» **Supplied records**:

========

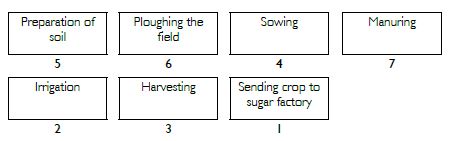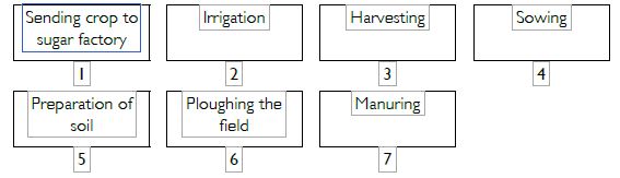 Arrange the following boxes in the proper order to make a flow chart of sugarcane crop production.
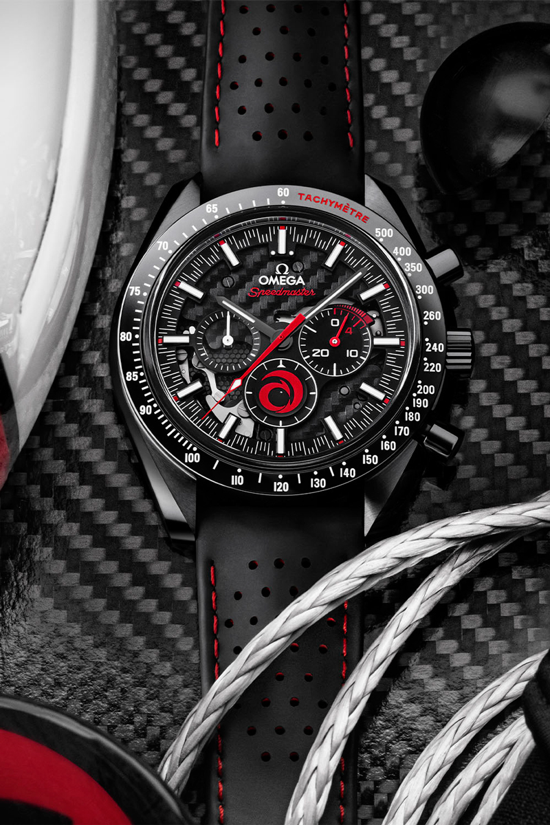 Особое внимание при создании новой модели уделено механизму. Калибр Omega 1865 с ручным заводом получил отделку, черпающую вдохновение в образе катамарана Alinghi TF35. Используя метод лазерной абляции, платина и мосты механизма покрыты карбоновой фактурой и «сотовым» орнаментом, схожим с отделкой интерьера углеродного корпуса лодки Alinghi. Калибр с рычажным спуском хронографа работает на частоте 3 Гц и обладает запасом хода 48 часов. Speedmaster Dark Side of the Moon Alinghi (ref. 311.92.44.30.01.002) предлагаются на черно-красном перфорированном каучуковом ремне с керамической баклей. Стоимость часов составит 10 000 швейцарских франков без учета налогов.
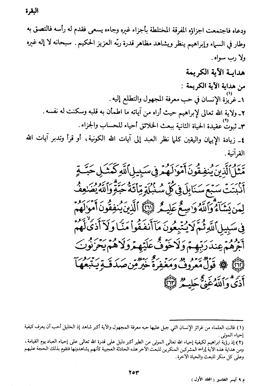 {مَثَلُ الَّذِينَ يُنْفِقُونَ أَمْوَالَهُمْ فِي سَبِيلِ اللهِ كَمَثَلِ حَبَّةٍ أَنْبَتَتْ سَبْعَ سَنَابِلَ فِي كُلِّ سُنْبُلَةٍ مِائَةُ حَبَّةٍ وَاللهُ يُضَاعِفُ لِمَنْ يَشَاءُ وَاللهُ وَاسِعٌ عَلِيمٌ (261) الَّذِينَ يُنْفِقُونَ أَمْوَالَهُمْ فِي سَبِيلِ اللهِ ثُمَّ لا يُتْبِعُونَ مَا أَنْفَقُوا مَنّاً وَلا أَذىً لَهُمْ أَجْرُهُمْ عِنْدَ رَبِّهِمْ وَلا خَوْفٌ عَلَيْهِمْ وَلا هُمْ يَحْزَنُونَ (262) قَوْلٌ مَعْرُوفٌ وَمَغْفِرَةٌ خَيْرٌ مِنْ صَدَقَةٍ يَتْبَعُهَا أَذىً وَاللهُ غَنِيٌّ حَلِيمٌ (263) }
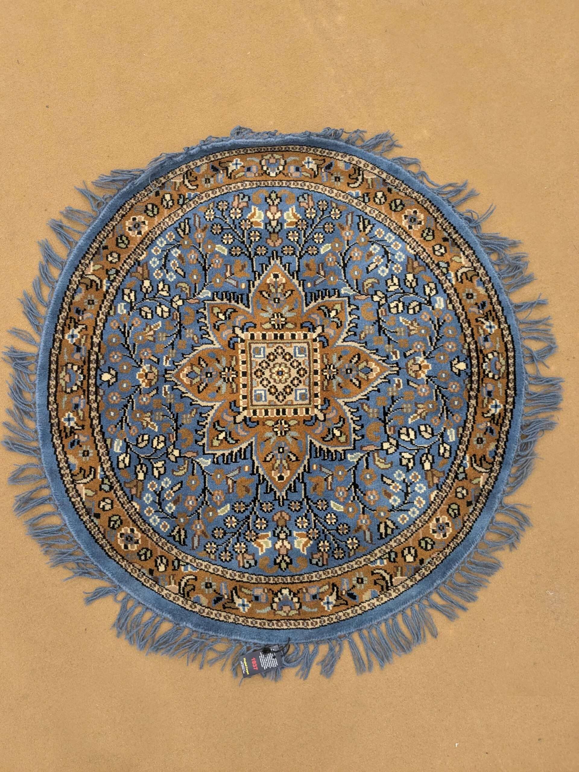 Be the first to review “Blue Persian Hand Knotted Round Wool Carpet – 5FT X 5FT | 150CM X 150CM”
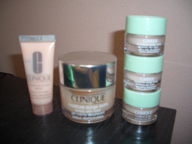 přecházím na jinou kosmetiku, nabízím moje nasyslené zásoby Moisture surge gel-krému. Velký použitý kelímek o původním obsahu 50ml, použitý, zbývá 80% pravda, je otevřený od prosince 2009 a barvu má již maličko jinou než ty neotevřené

========

» **Task instructions**:
Do not include the images; transcribe the rest of the listing exactly.

» **Answer below**:
 Arrange the following boxes in the proper order to make a flow chart of sugarcane crop production.
 Особое внимание при создании новой модели уделено механизму. Калибр Omega 1865 с ручным заводом получил отделку, черпающую вдохновение в образе катамарана Alinghi TF35. Используя метод лазерной абляции, платина и мосты механизма покрыты карбоновой фактурой и «сотовым» орнаментом, схожим с отделкой интерьера углеродного корпуса лодки Alinghi. Калибр с рычажным спуском хронографа работает на частоте 3 Гц и обладает запасом хода 48 часов. Speedmaster Dark Side of the Moon Alinghi (ref. 311.92.44.30.01.002) предлагаются на черно-красном перфорированном каучуковом ремне с керамической баклей. Стоимость часов составит 10 000 швейцарских франков без учета налогов.
 {مَثَلُ الَّذِينَ يُنْفِقُونَ أَمْوَالَهُمْ فِي سَبِيلِ اللهِ كَمَثَلِ حَبَّةٍ أَنْبَتَتْ سَبْعَ سَنَابِلَ فِي كُلِّ سُنْبُلَةٍ مِائَةُ حَبَّةٍ وَاللهُ يُضَاعِفُ لِمَنْ يَشَاءُ وَاللهُ وَاسِعٌ عَلِيمٌ (261) الَّذِينَ يُنْفِقُونَ أَمْوَالَهُمْ فِي سَبِيلِ اللهِ ثُمَّ لا يُتْبِعُونَ مَا أَنْفَقُوا مَنّاً وَلا أَذىً لَهُمْ أَجْرُهُمْ عِنْدَ رَبِّهِمْ وَلا خَوْفٌ عَلَيْهِمْ وَلا هُمْ يَحْزَنُونَ (262) قَوْلٌ مَعْرُوفٌ وَمَغْفِرَةٌ خَيْرٌ مِنْ صَدَقَةٍ يَتْبَعُهَا أَذىً وَاللهُ غَنِيٌّ حَلِيمٌ (263) }
 Be the first to review “Blue Persian Hand Knotted Round Wool Carpet – 5FT X 5FT | 150CM X 150CM”
 přecházím na jinou kosmetiku, nabízím moje nasyslené zásoby Moisture surge gel-krému. Velký použitý kelímek o původním obsahu 50ml, použitý, zbývá 80% pravda, je otevřený od prosince 2009 a barvu má již maličko jinou než ty neotevřené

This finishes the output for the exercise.